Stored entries
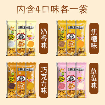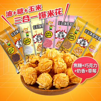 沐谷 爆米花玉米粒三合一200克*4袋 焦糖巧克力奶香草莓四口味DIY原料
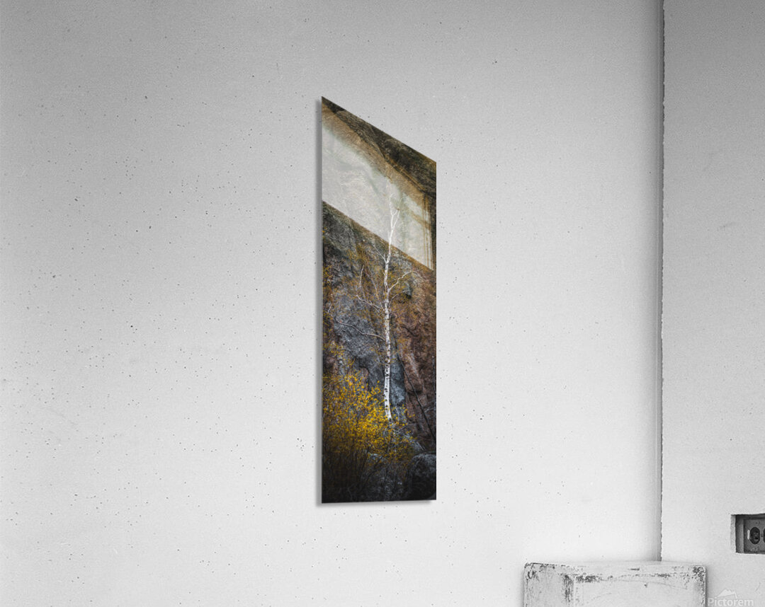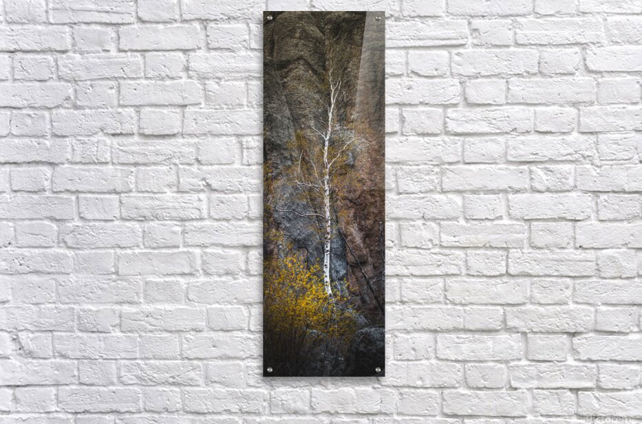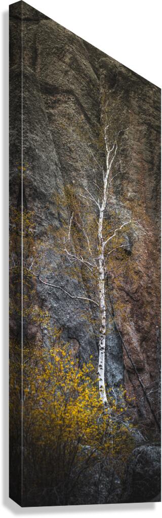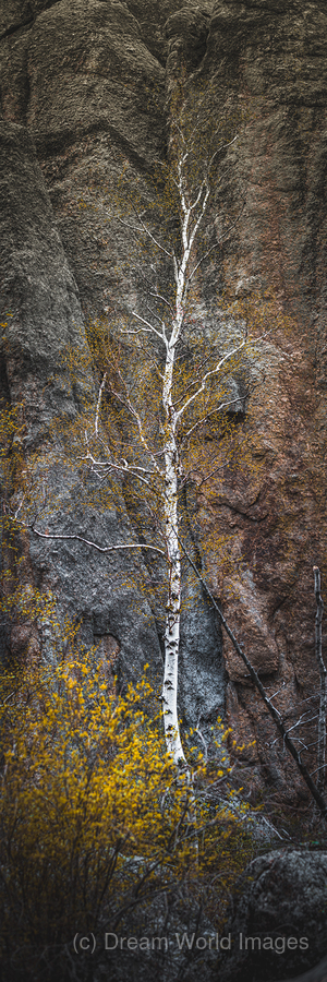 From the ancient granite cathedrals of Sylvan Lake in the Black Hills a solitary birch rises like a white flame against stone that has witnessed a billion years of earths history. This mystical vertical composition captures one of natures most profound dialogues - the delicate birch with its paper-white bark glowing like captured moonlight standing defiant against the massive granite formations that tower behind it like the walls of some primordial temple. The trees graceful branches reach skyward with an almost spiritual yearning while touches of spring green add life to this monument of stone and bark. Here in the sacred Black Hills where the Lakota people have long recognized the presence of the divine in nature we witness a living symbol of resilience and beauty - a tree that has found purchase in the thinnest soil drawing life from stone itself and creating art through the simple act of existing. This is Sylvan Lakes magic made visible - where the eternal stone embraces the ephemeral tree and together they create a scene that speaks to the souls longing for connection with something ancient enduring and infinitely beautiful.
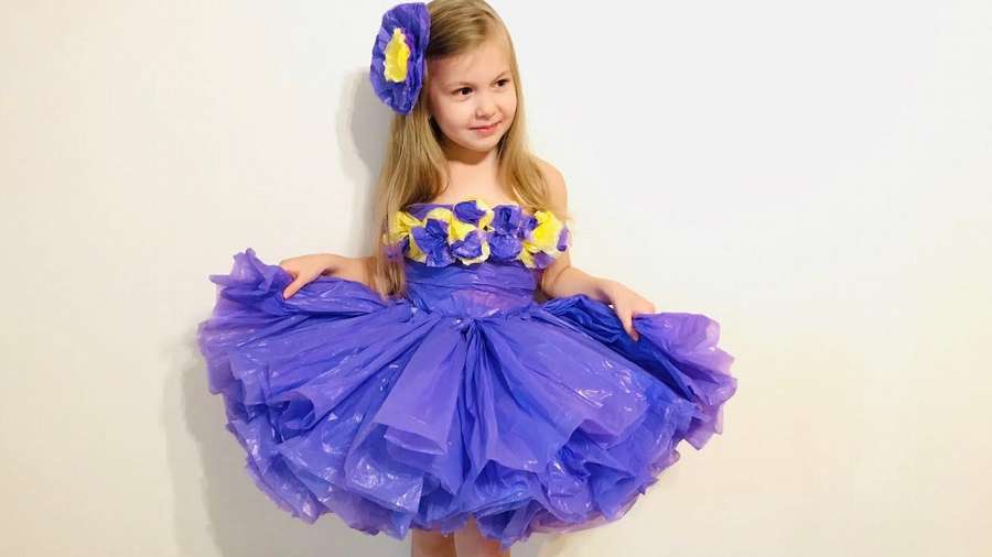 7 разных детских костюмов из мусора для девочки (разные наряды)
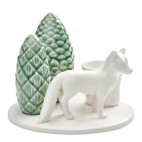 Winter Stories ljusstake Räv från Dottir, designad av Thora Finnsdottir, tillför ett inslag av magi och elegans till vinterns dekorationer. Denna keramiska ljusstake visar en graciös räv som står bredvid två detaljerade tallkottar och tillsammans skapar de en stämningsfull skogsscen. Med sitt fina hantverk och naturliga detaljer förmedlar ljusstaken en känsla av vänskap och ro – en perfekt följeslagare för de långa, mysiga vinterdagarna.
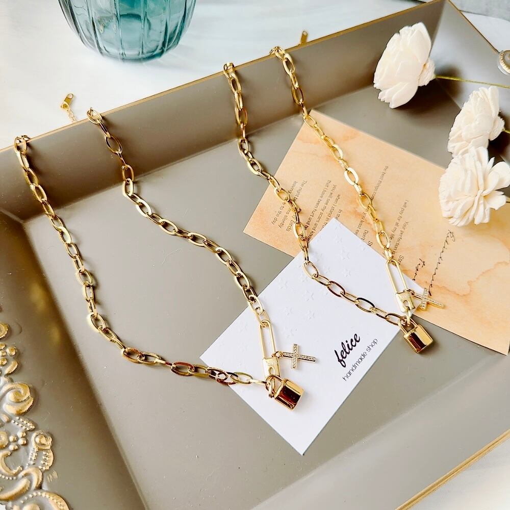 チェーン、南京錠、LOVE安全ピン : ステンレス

Task instructions ::
With the pictures excluded, the line containing "7 разных детских" and every line after it through the end of the data above are to be transcribed exactly, and nothing more.

Solution ::
 7 разных детских костюмов из мусора для девочки (разные наряды)
 Winter Stories ljusstake Räv från Dottir, designad av Thora Finnsdottir, tillför ett inslag av magi och elegans till vinterns dekorationer. Denna keramiska ljusstake visar en graciös räv som står bredvid två detaljerade tallkottar och tillsammans skapar de en stämningsfull skogsscen. Med sitt fina hantverk och naturliga detaljer förmedlar ljusstaken en känsla av vänskap och ro – en perfekt följeslagare för de långa, mysiga vinterdagarna.
 チェーン、南京錠、LOVE安全ピン : ステンレス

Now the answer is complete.